Top of DATA SHOWN

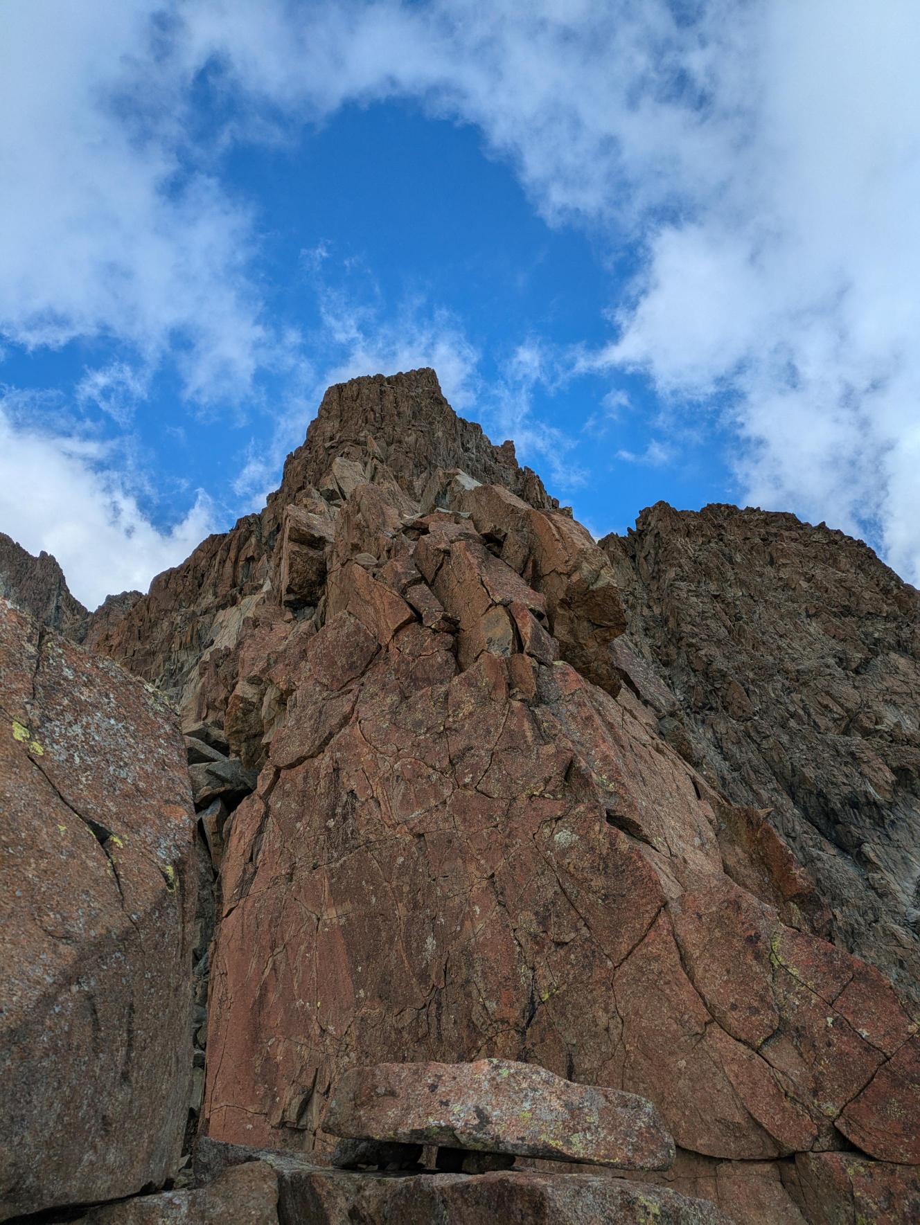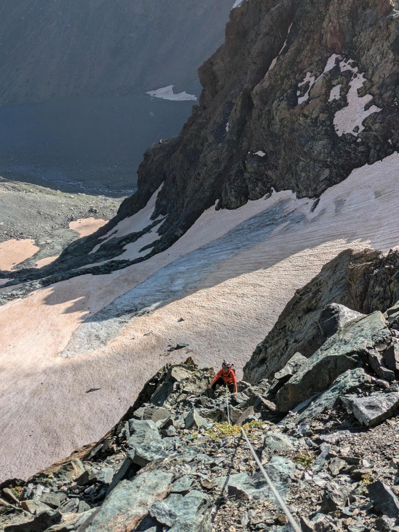 Dall’intaglio risalire una bella placca per circa 40 metri (IV) fino ad un salto verticale che si supera direttamente (2 chiodi; IV) toccando il filo di cresta alla base di una placca adagiata.
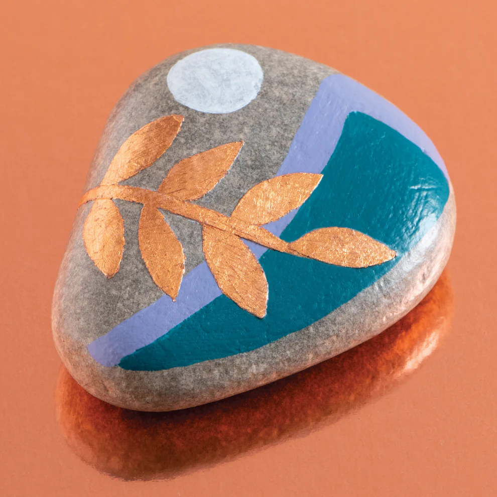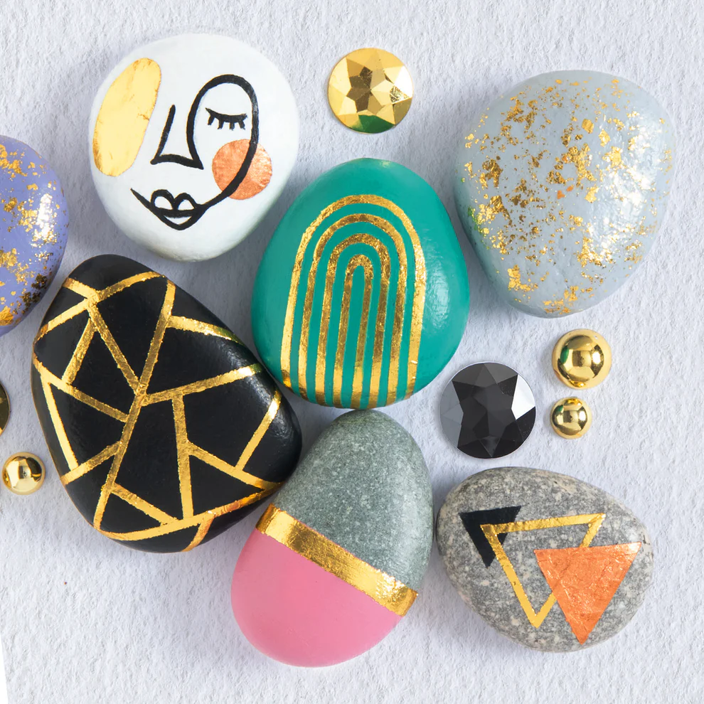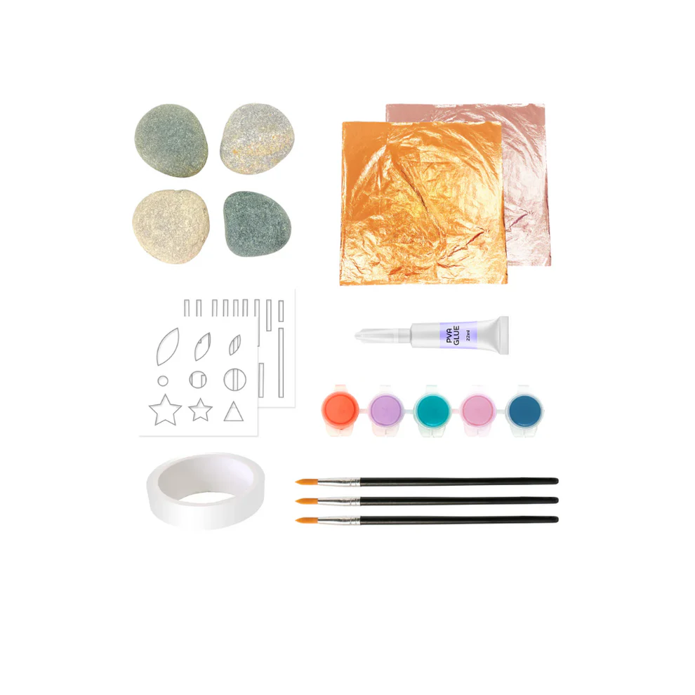• INCLUDES GOLD AND ROSE-GOLD METAL-FOIL LEAF SHEETS, DOUBLE-SIDED TAPE, GLUE, 5 PAINTS (INCLUDING WHITE AND BLACK AS BASES AND FOR MIXING AND 3 STYLISH HUES), 2 STENCILS, 3 PAINTBRUSHES AND 4 ROCKS.
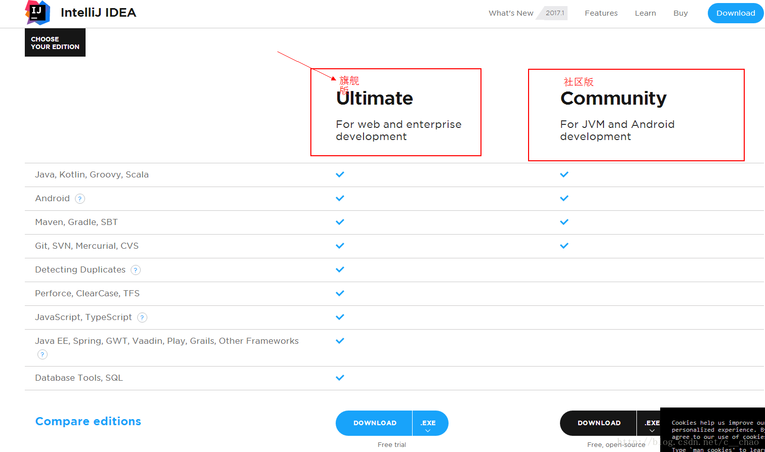 IntelliJ IDEA是来自捷克的Jetbrains公司开发的Java开发工具(完爆Eclipse/MyEclipse)。有旗舰版和社区版两大版本,相对社区版而言旗舰版的功能更加丰富。官网提供了两个版本之间差异的详细比较。擅长企业级应用、移动应用以及Web应用开发。
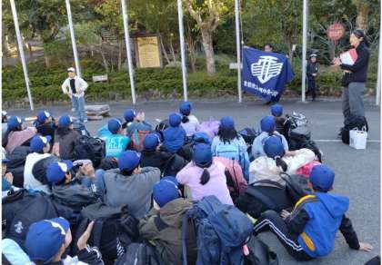楽しかった山の家も終わりです。退所式では、お世話になった所員の方々に、感謝と3日間で学んだことを代表が話しました。所員さんにお礼を言って、帰りのバスに向かいました。

Bottom of DATA SHOWN

- **TASK GOAL**: Take the listing above and print it exactly, apart from the pictures.

- **PROBLEM SOLUTION**:
 Dall’intaglio risalire una bella placca per circa 40 metri (IV) fino ad un salto verticale che si supera direttamente (2 chiodi; IV) toccando il filo di cresta alla base di una placca adagiata.
• INCLUDES GOLD AND ROSE-GOLD METAL-FOIL LEAF SHEETS, DOUBLE-SIDED TAPE, GLUE, 5 PAINTS (INCLUDING WHITE AND BLACK AS BASES AND FOR MIXING AND 3 STYLISH HUES), 2 STENCILS, 3 PAINTBRUSHES AND 4 ROCKS.
 IntelliJ IDEA是来自捷克的Jetbrains公司开发的Java开发工具(完爆Eclipse/MyEclipse)。有旗舰版和社区版两大版本,相对社区版而言旗舰版的功能更加丰富。官网提供了两个版本之间差异的详细比较。擅长企业级应用、移动应用以及Web应用开发。
楽しかった山の家も終わりです。退所式では、お世話になった所員の方々に、感謝と3日間で学んだことを代表が話しました。所員さんにお礼を言って、帰りのバスに向かいました。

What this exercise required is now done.